Warnings and Precautions

The warnings issued by Merck & Co. (.pdf) about Januvia include information about post-marketing reports of acute pancreatitis, acute renal failure, and an increased risk of hypoglycemia, as well as serious allergic reactions in some patients. Severe and disabling arthralgia (joint pain) is also reported as a side effect for some patients taking Januvia. The warning section states: “There have been postmarketing reports of acute pancreatitis, including fatal and non-fatal hemorrhagic or necrotizing pancreatitis, in patients taking Januvia.”

Serious Side Effects

In 2013, the Food and Drug Administration (FDA) issued a Safety Communication. The agency said it was investigating reports of the possibility of an increased risk of pancreatitis, as well as pre-cancerous findings, in patients prescribed Januvia. An earlier warning had been issued to healthcare professionals in 2009 about patients suffering acute pancreatitis. “Eighty-eight post-marketing cases of acute pancreatitis, including two cases of hemorrhagic or necrotizing pancreatitis in patients using sitagliptin, were reported to the Agency between October 16, 2006 and February 9, 2009, that earlier warning states.

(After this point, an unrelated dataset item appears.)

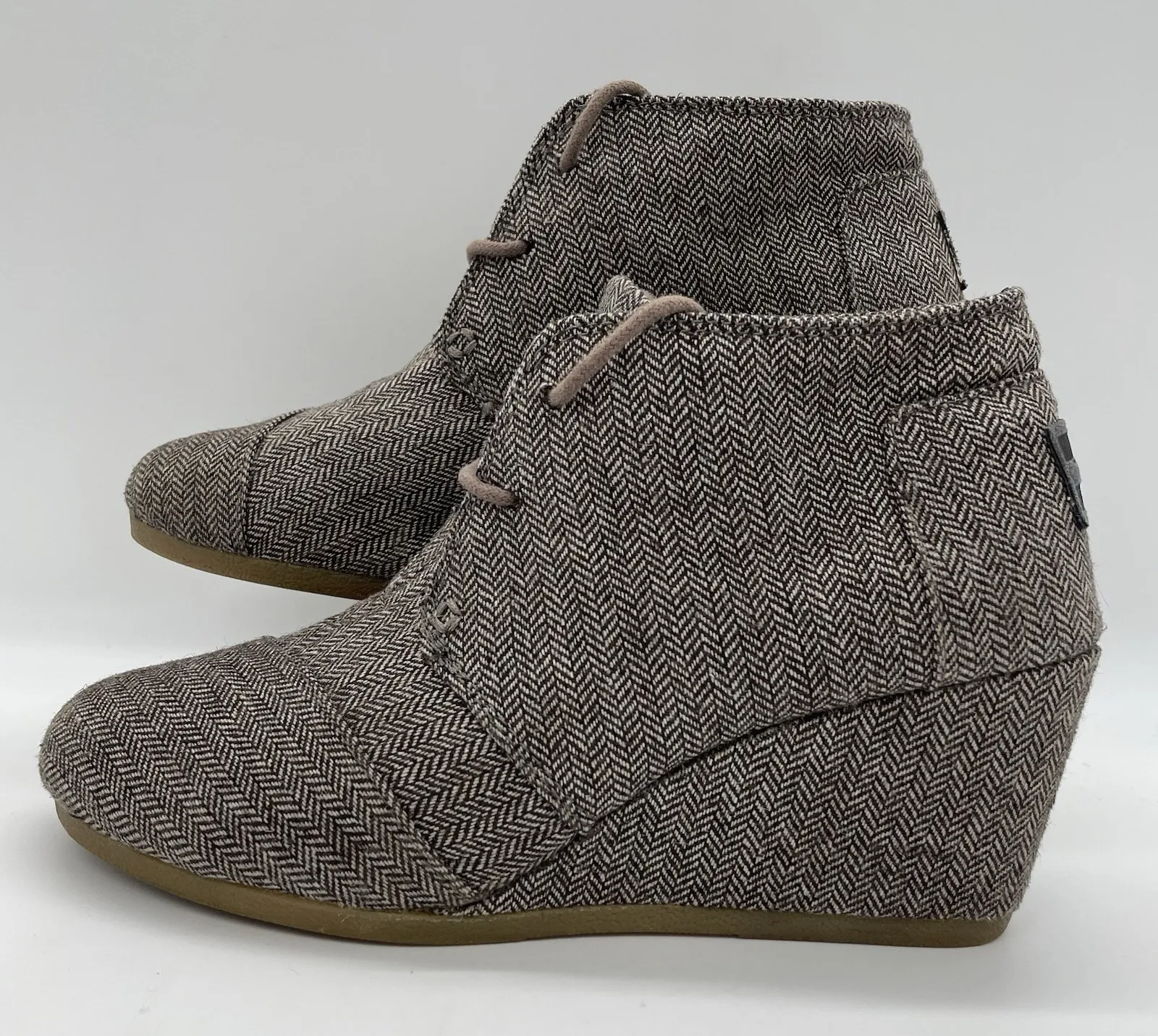 Toms Womens 7.5 Shoes Herringbone Print Desert Ankle Bootie Brown Fabric Wedge Lace Up Condition: E... Show more
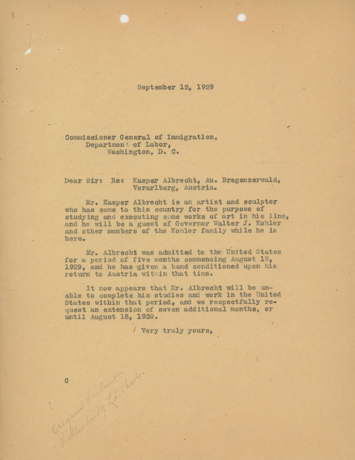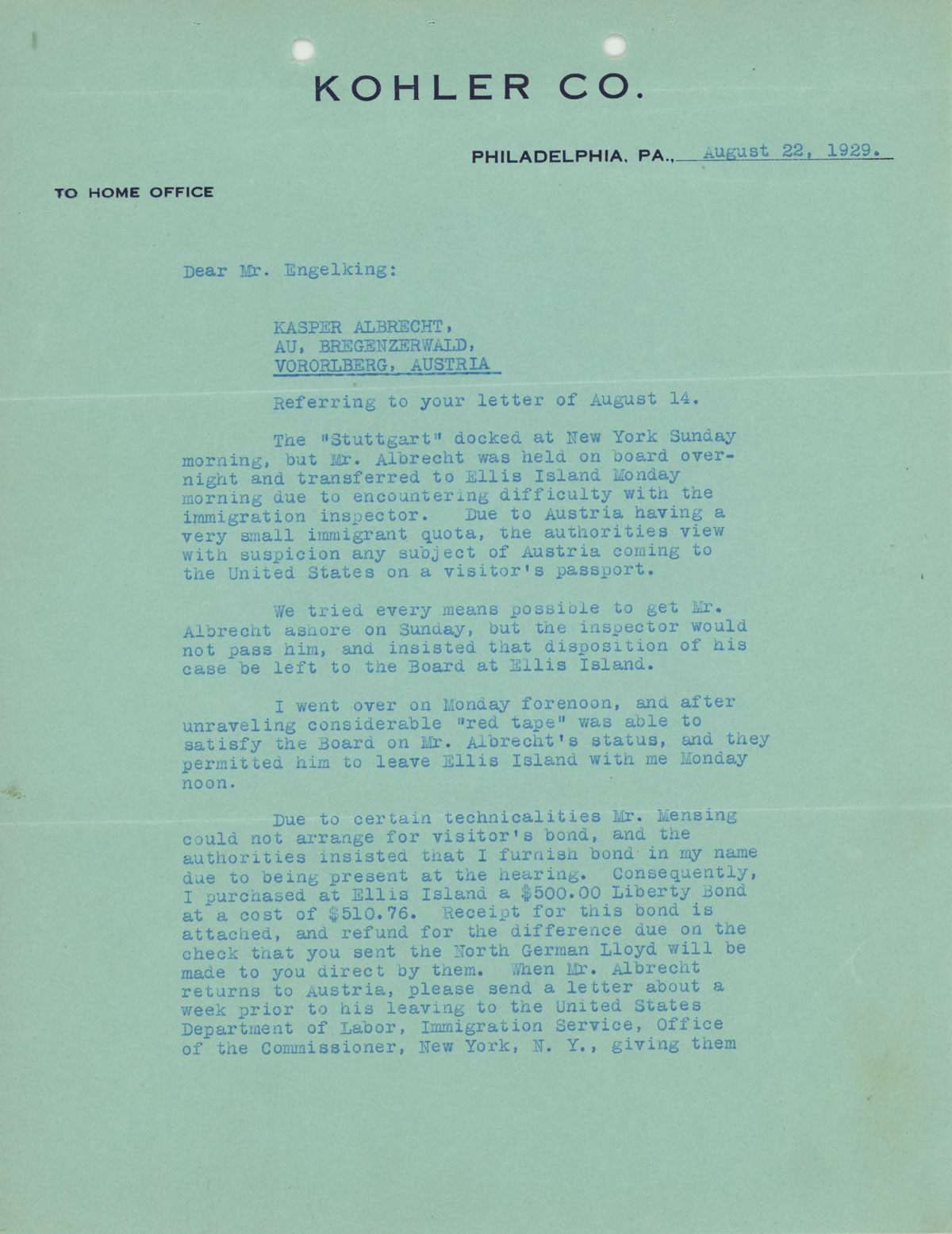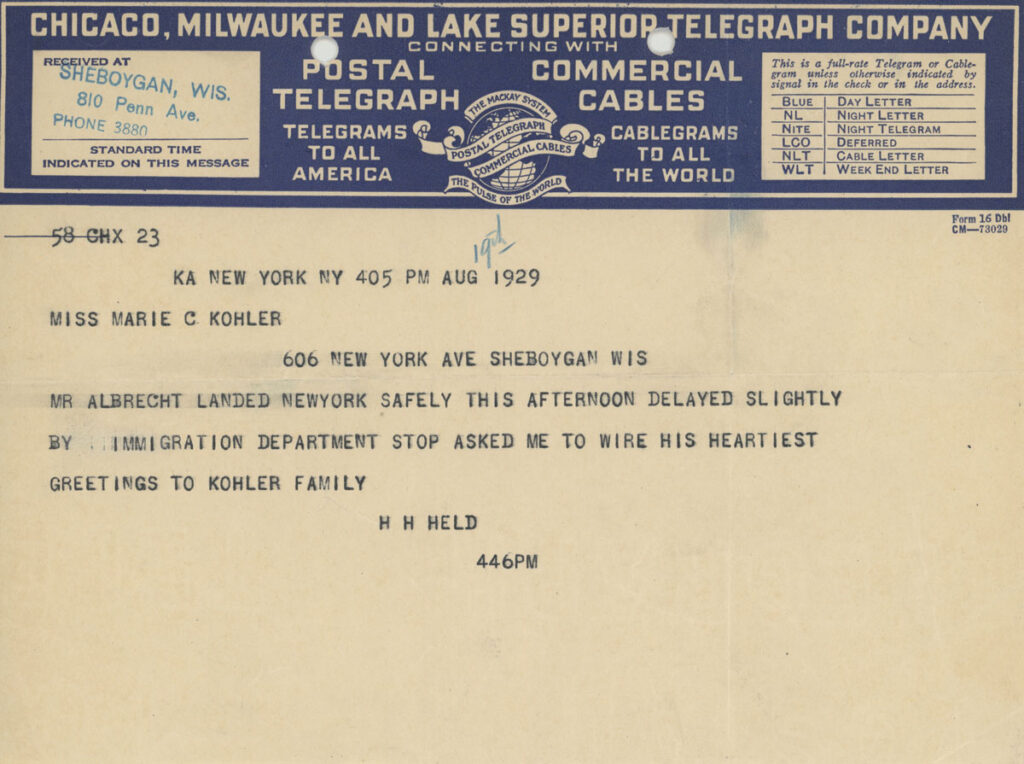 Marie wrote Harold upon Kaspar’s arrival to the U.S., which was his first to America, and he did not speak English.

Acute Pancreatitis and Pancreatic Cancer Symptoms

When the pancreas becomes inflamed, the body’s digestive enzymes begin attacking that gland. That can result in tissue damage, infections, or cysts and bleeding, which can potentially spread to other organs in the body. The symptoms associated with pancreatitis, as reported by the Mayo Clinic, include upper abdominal pain, pain while eating or bending forward, nausea, vomiting, fever, rapid heartbeat, and tenderness when the abdomen is touched (mayoclinic.org). Other symptoms may be unexplained weight loss, or stool that are oily or exceptionally malodorous. Medical help should be sought immediately by any person taking Januvia who is experiencing any of these symptoms.

Pancreatic cancer symptoms include a yellowing of skin and whites of the eyes, appetite loss, weight loss, depression, and blood clots. Pancreatitis is known to be a precursor to pancreatic cancer.

History of Adverse Reactions to Januvia

In 2011, a study by researchers from UCLA on the use of incretin diabetes treatment suggested patients faced an increased risk for developing pancreatitis when measured against other existing type 2 diabetes therapies (gastrojournal.com). The researchers studied the adverse events reported to the FDA over a five-year period and concluded that the potential long-term actions of these drugs could lead to more patients developing pancreatic cancer.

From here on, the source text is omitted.